The leader of the Movement for Democratic Change will address tens of thousands of Zimbabweans in a Harare sports stadium after a private swearing-in ceremony on Wednesday. He will outline an ambitious 100-day programme of reconstruction and democratisation and urge the West to back it with desperately needed finance.
His appeal will put Britain, the US and the European Union on the spot because they are deeply sceptical about the "unity government". They doubt that Mr Mugabe has any intention of surrendering real power to the MDC and regard the new arrangement as a ploy to give his regime a veneer of legitimacy.
"He's walked into a trap," one senior Western official said of Mr Tsvangirai. An MDC source countered: "If the West doesn't back Tsvangirai and the new Government, then it's dead in the water - and so is Zimbabwe. "Without Western aid we can't deliver and if we can't deliver we can't overcome Zanu (PF)'s policies of corruption and repression."
In September my view was that the gamble on international financial support should be taken.

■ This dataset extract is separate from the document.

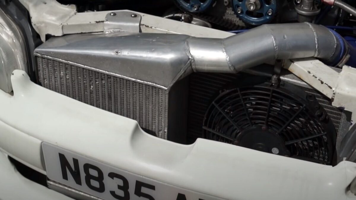 Zárt gépháztetővel megbújik, azt felnyitva azonban üvöltő eltérés az utólagos hűtő is (Fotó: YouTube/Motor Addicts)

Now I'm less confident about that. The Economist says aid should be withheld until there's clear evidence of change, and this is surely right:
America and Britain have already said they will wait and see before offering the new government any direct financial support. Others too should withhold aid to the government and maintain existing sanctions until there is clear evidence that Mr Mugabe is changing his ways. True power-sharing should lead quickly to the release of detainees banged up by Mr Mugabe’s thugs, freedom of the press and an overhaul of the security services. The central bank also needs reform; it presides over an unofficial inflation rate that averaged 15 billion per cent last year. These would be good measures of the unity government's intentions.